Nah. Muscles are recovered within 48 hours. So you could simply do full body workouts every other day.

For beginners, who use limited sets/reps, it would be a good to start out doing a full body routine. They will likely not workout their muscles unilaterally as much (one armed) so they spend less time in the gym per session. To garuantee optimal gains, they would do a full body workout every other day, ensuring that they workout every muscle as often as possible per week, while also ensuring they're all recovered. Basically, optimizing both frequency and recovery.

If your workouts start to become so long that you're overly physically and mentally fatigued where the quality of your work-out suffers, start doing splits. Perhaps a two way split (upper/lower body, or push/pull). A 3 way split, repeated once every week (working out 6 days per week), would be the next step.
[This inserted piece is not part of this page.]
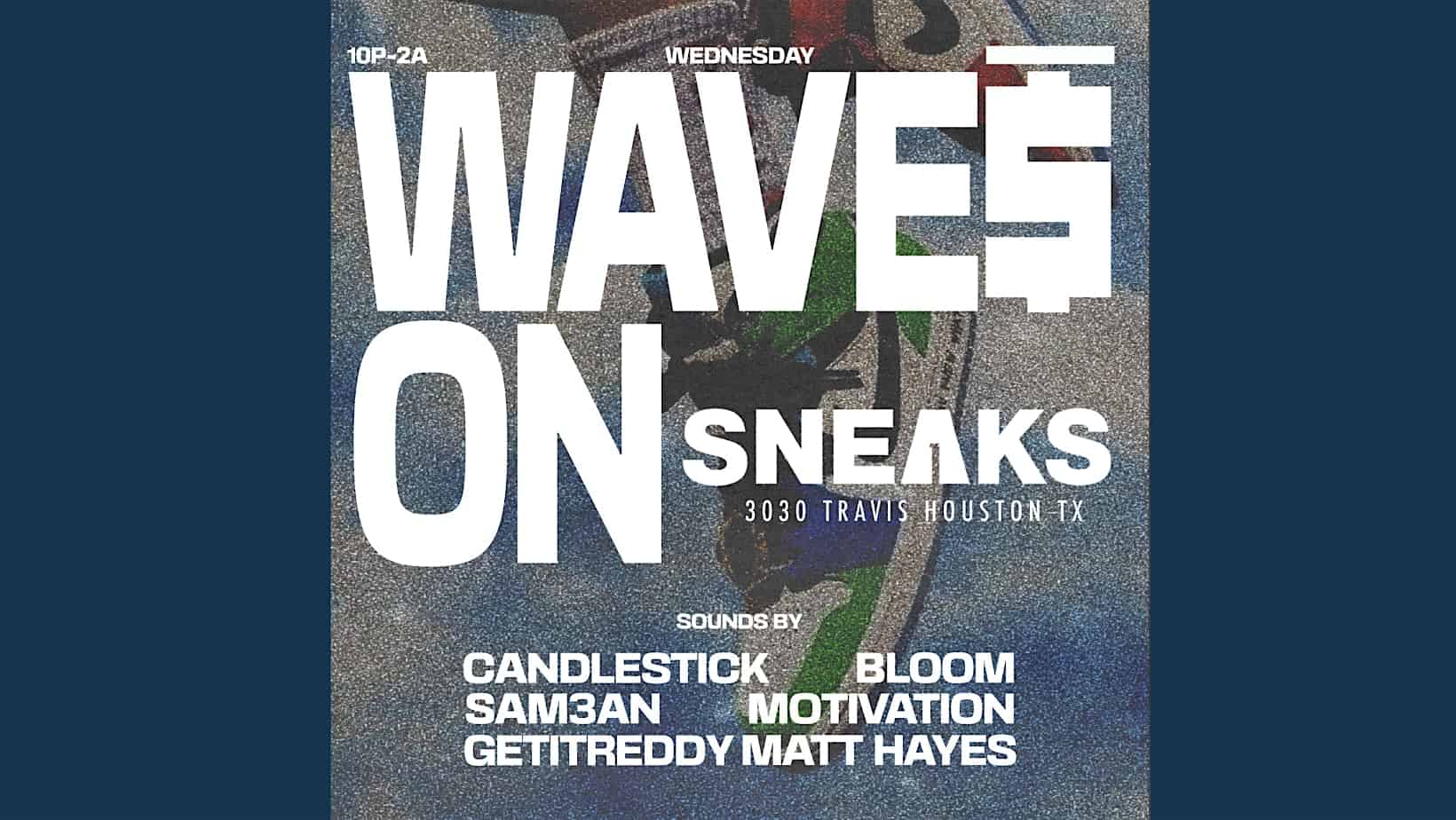 by admin14Feb WAVES ON BRAND at Sneaks Coffee Lounge – Houston, TX WAVES ON BRAND at Sneaks Coffee Lounge – Houston, TX 1 1 people viewed this event. Underground House Party Every Wednesday Night Tickets-RSVP Link Date And Time Thursday, May 14th, 2026 03:00 AM (PST) Venue Sneaks Coffee Lounge Location 3030 Travis Street, Houston, TX 77006 Event Types MusicParty or Social Gathering Event Category HoustonTexas Share With Friends Facebook Twitter Linkedin Xing Pinterest Share This Post:

However, there is also nothing wrong with increasing work capacity by increasing how much time you can spend in the gym per session.



Stelliferous said:


> It's probably a good idea to also work out in a different way that combines your muscles in your body totally. Example, 8 weeks of the training you described, followed by 4 weeks of yoga, endurance, full body interactive exercises like burpees. And of course change the ratio dependent on how much mass you need to work on and how much real fitness you need to work on. That way you can be healthy AND big.


No, not at all. This 'shocking your muscles' theory that states you have to mix things up is an outdated myth, unspported by science.

The only way to properly shock your muscles is through progressive overload. Which can mean more than just adding reps/sets/weights, but also by shortening your rest period or performing the exercise with better technique. Porgressive overload is basically a fancy term for 'improvement'.

Your pistol squat will suffer from the 4 weeks of not doing it. A better idea is to do cardio and mobility work as part of your weekly routine just like your resistance routine is. For example, someone could do a calisthenics routine every other day, do cardio (cardio can also just mean doing a fun team sport or rollerblading) on 2 rest days and always cool down by stretching the worked body parts.


----------